THE PROBLEM -> With the pictures left out, write out exactly the lines of the listing below that run from the line with "zu 1: stimmt" through the line with "দেরাদুনে আদিবাসী ছাত্রের".

--- MATERIAL TO PROCESS ---

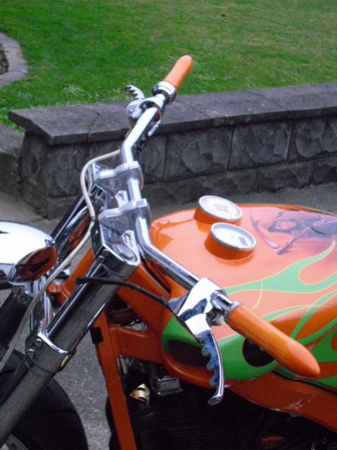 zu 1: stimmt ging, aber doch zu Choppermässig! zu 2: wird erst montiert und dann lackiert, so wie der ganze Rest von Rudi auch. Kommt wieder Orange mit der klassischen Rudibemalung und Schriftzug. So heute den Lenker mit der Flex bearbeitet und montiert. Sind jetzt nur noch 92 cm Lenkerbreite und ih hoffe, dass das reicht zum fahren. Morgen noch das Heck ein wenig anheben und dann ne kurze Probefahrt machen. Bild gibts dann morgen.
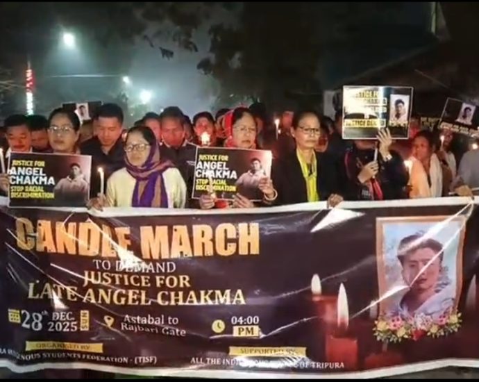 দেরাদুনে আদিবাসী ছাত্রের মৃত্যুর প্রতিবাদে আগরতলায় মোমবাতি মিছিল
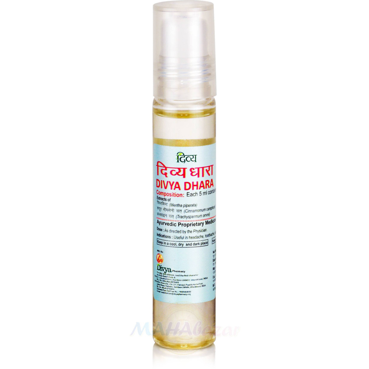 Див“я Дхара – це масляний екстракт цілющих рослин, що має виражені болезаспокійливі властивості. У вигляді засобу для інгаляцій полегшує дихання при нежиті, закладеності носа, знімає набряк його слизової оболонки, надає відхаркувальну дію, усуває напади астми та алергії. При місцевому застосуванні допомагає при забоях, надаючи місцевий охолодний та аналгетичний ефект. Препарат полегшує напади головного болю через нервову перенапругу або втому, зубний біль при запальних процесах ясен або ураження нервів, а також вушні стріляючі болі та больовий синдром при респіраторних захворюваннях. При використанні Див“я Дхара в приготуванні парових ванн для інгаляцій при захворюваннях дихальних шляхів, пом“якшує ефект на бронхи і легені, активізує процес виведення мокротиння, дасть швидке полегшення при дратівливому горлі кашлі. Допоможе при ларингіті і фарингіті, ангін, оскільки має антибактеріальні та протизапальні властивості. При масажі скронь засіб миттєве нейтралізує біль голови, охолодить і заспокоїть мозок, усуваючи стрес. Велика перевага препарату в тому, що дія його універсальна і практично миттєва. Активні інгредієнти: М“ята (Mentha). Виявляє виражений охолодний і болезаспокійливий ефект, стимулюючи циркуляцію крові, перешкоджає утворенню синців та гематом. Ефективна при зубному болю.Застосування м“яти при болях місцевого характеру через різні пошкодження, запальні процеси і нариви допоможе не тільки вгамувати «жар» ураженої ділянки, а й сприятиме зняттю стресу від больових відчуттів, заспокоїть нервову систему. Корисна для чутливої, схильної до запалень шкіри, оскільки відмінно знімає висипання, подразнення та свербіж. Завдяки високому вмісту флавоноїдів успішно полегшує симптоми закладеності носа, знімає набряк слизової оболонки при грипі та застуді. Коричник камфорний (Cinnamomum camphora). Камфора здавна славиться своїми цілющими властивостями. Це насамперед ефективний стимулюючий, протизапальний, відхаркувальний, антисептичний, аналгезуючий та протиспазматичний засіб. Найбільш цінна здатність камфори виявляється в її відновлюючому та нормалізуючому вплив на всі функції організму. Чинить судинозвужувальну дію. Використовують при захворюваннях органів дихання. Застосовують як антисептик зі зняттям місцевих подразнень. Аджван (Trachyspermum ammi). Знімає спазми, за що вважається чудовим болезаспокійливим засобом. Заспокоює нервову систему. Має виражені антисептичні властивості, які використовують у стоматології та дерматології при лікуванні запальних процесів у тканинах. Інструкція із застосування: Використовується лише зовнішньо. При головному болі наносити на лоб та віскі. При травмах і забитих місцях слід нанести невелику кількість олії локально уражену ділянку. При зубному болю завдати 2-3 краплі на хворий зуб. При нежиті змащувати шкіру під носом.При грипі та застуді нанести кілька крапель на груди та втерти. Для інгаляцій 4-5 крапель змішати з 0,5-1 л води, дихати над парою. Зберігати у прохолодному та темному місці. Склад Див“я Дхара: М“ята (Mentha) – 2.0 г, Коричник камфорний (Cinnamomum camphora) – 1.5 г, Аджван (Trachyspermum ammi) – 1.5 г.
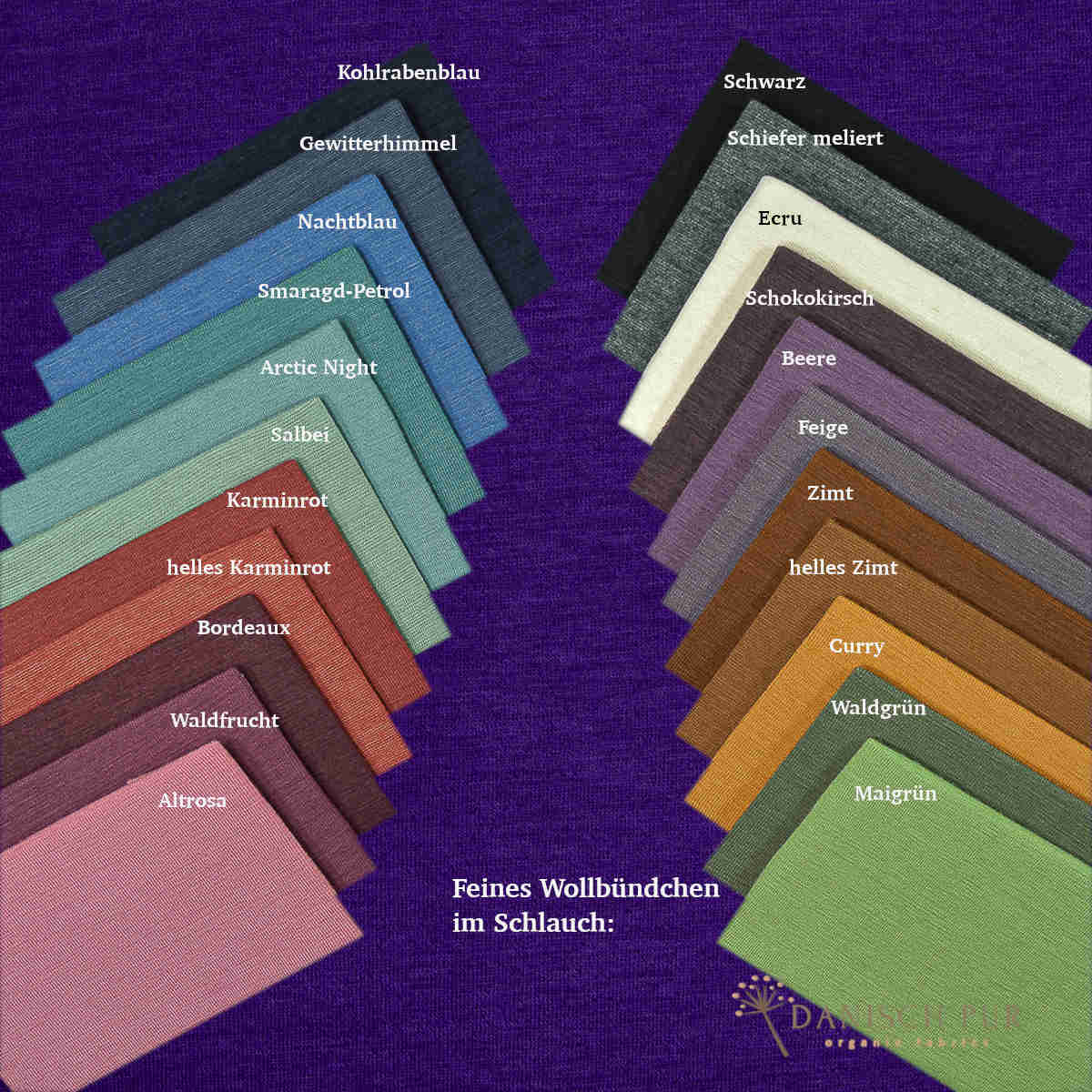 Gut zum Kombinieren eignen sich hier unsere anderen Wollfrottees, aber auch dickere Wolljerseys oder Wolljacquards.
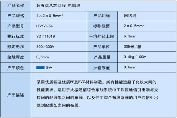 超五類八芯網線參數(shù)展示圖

---
--- MATERIAL TO PROCESS ---

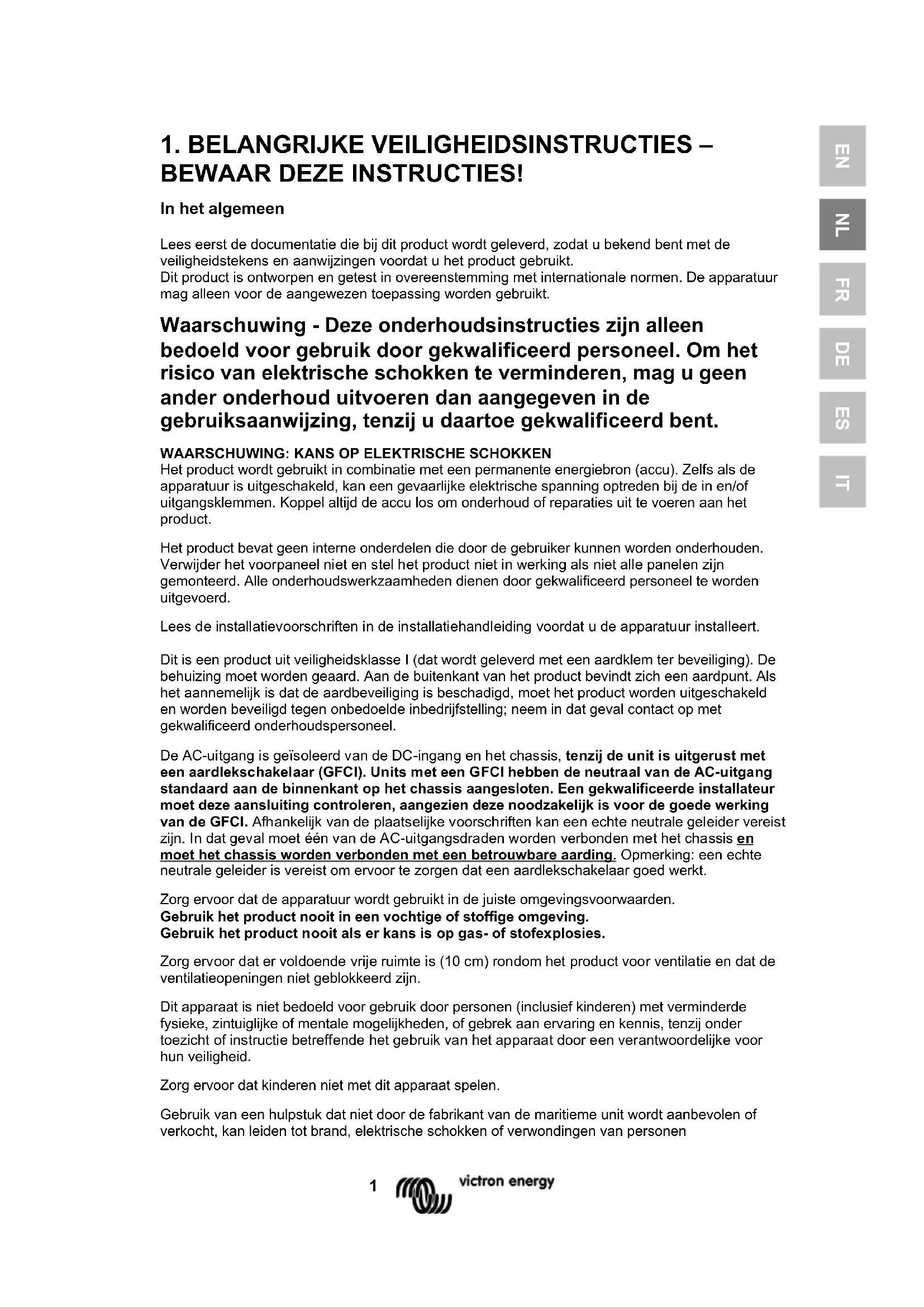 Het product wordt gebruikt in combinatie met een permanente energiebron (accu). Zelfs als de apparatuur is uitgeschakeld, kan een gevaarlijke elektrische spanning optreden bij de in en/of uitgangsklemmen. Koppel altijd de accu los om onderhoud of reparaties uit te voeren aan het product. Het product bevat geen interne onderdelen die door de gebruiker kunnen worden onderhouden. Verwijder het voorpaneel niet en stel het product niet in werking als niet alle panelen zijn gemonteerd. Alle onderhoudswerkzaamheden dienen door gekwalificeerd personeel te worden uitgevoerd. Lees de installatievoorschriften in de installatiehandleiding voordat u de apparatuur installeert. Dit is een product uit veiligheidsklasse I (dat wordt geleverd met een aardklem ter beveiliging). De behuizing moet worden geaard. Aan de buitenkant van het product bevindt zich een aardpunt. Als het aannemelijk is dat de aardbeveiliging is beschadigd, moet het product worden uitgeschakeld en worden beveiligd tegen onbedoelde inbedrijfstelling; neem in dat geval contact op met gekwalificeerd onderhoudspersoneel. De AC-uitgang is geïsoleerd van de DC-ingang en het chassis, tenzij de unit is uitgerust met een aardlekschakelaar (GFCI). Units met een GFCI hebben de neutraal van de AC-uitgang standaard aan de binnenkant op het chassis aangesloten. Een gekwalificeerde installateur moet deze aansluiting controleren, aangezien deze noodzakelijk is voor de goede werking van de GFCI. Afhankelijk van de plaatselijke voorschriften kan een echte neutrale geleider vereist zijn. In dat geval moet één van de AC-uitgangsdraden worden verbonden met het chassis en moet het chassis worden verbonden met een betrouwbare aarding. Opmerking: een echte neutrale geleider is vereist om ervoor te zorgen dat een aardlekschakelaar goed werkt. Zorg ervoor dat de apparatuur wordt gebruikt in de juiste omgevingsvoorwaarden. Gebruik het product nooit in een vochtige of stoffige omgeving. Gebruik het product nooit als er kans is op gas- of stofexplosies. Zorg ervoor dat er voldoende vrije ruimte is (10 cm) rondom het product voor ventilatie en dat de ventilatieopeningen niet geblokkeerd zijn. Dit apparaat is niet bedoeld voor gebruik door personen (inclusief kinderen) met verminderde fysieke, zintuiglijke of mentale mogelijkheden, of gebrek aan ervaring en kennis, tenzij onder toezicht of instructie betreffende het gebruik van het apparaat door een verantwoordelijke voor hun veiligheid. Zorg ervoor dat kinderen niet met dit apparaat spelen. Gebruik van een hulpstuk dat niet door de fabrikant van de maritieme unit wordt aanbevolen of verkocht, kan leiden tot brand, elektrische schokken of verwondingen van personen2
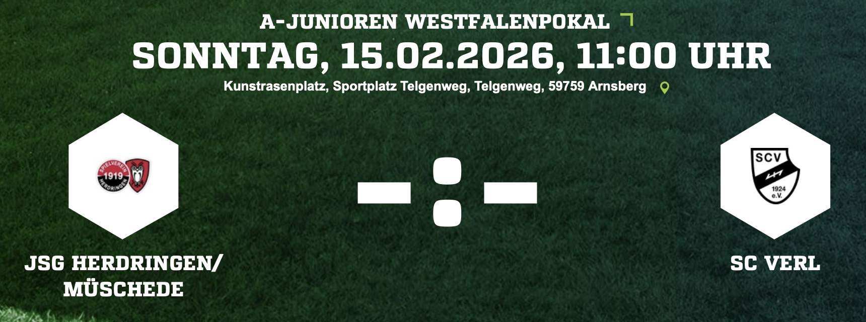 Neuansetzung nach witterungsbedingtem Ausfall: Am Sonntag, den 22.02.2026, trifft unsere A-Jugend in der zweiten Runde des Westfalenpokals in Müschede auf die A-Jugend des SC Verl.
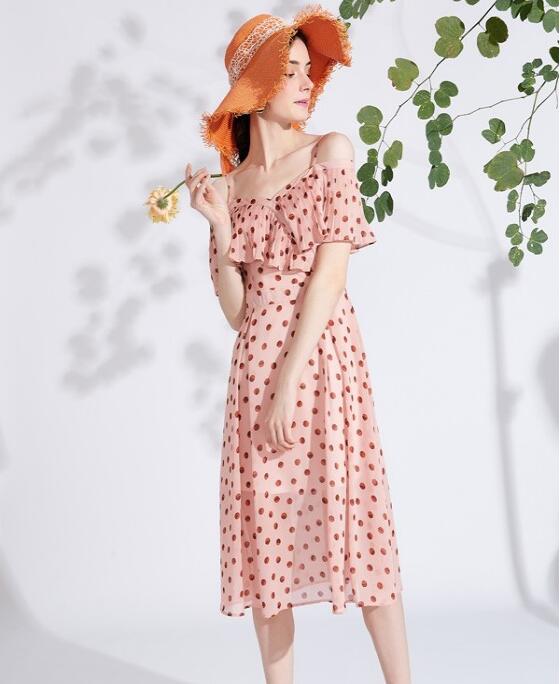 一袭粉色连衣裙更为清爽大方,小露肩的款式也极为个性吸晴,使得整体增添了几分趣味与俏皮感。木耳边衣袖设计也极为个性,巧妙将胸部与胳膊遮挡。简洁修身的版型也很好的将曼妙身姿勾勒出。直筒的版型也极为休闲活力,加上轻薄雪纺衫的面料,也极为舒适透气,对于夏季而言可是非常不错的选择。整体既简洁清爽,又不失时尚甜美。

---

SOLUTION ->
 zu 1: stimmt ging, aber doch zu Choppermässig! zu 2: wird erst montiert und dann lackiert, so wie der ganze Rest von Rudi auch. Kommt wieder Orange mit der klassischen Rudibemalung und Schriftzug. So heute den Lenker mit der Flex bearbeitet und montiert. Sind jetzt nur noch 92 cm Lenkerbreite und ih hoffe, dass das reicht zum fahren. Morgen noch das Heck ein wenig anheben und dann ne kurze Probefahrt machen. Bild gibts dann morgen.
 দেরাদুনে আদিবাসী ছাত্রের মৃত্যুর প্রতিবাদে আগরতলায় মোমবাতি মিছিল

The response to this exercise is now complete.